Provided data
----

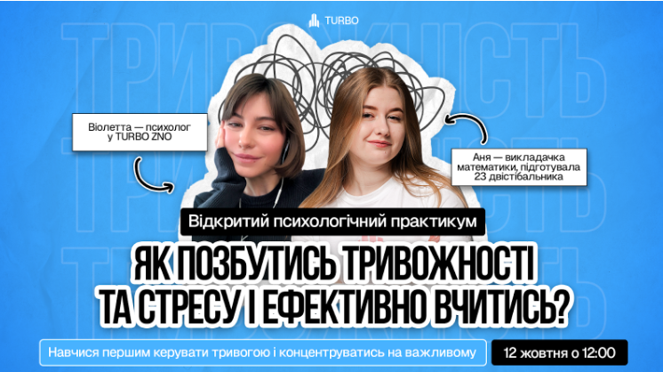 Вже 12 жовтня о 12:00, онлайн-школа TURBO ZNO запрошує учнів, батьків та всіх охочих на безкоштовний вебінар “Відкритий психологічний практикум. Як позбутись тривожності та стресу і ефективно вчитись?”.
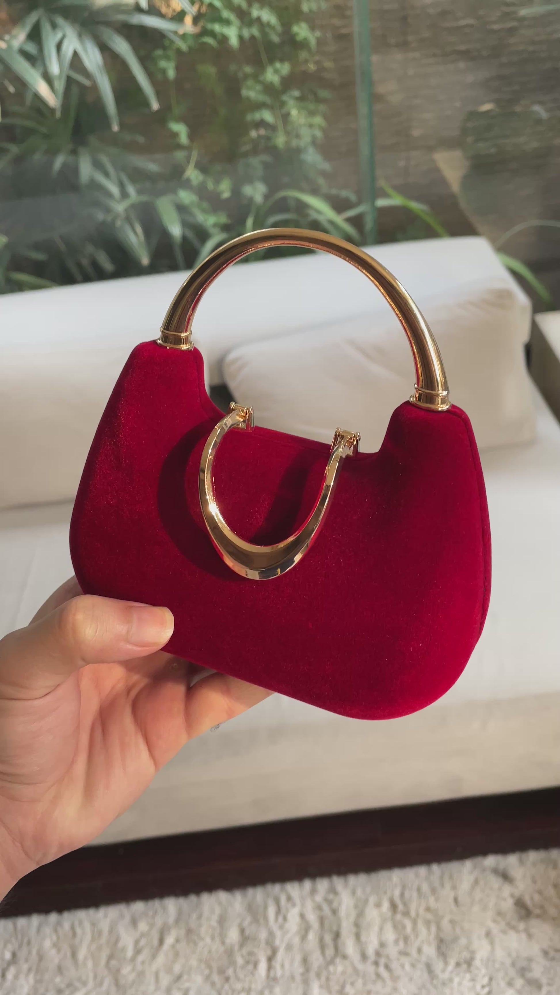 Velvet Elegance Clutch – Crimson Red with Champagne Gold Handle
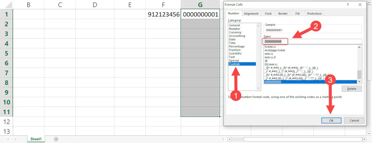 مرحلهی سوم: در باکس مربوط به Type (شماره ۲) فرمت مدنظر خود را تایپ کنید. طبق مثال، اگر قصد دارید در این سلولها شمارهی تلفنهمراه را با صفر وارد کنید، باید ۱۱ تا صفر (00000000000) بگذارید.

----

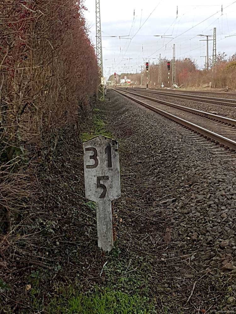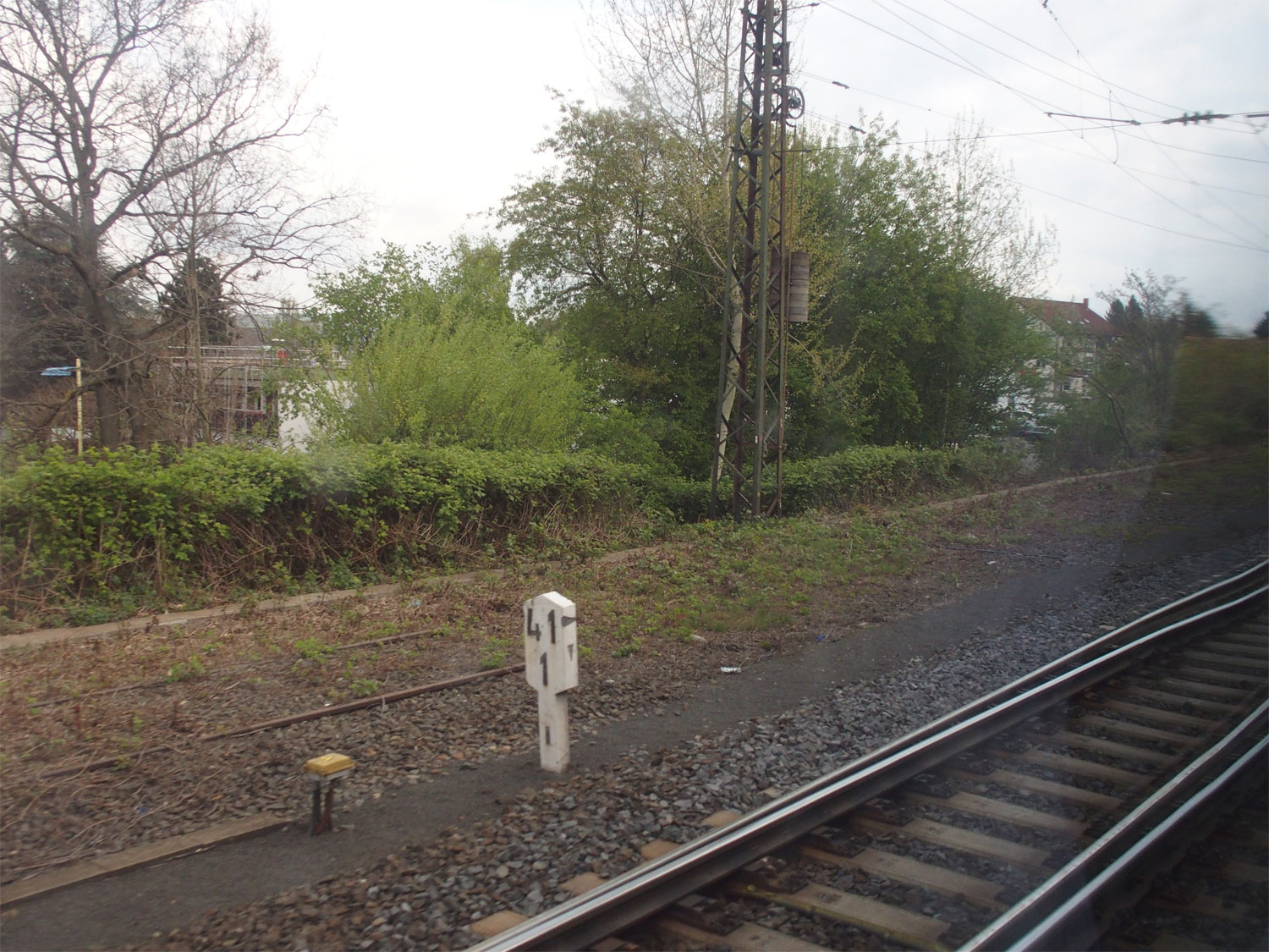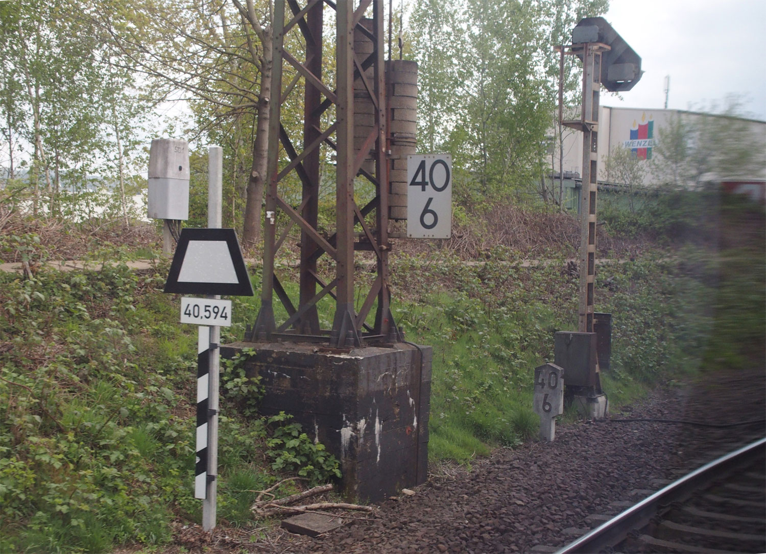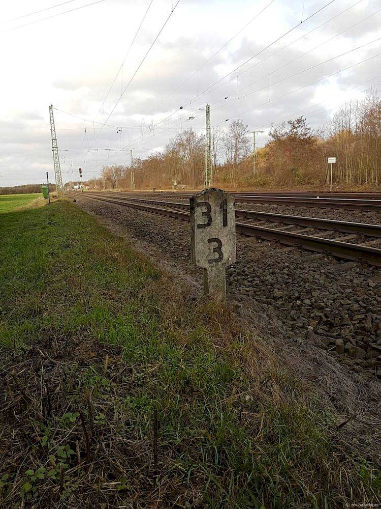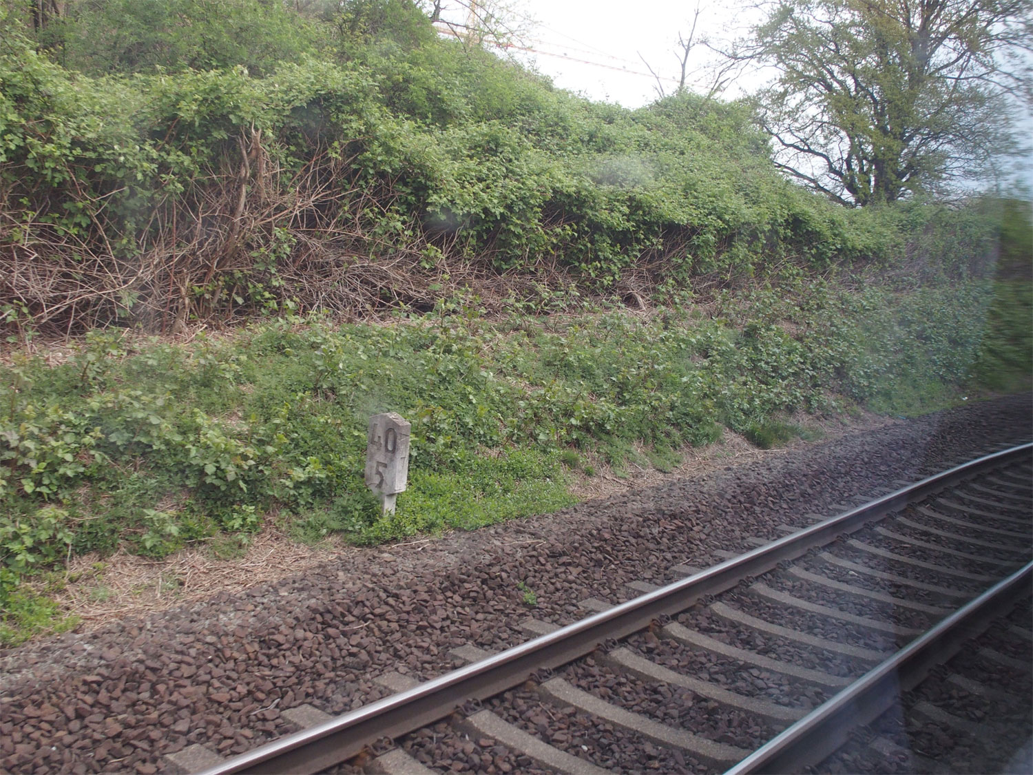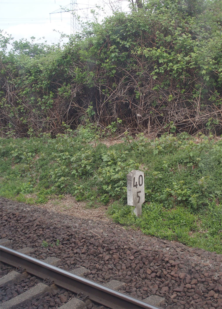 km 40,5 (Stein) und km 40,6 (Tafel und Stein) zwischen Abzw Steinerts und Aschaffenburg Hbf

----

What you have to do
Transcribe, exactly and without pictures, everything in the data from the line with "Вже 12 жовтня" down to the line with "مرحلهی سوم: در", both included.

Task solution
 Вже 12 жовтня о 12:00, онлайн-школа TURBO ZNO запрошує учнів, батьків та всіх охочих на безкоштовний вебінар “Відкритий психологічний практикум. Як позбутись тривожності та стресу і ефективно вчитись?”.
 Velvet Elegance Clutch – Crimson Red with Champagne Gold Handle
 مرحلهی سوم: در باکس مربوط به Type (شماره ۲) فرمت مدنظر خود را تایپ کنید. طبق مثال، اگر قصد دارید در این سلولها شمارهی تلفنهمراه را با صفر وارد کنید، باید ۱۱ تا صفر (00000000000) بگذارید.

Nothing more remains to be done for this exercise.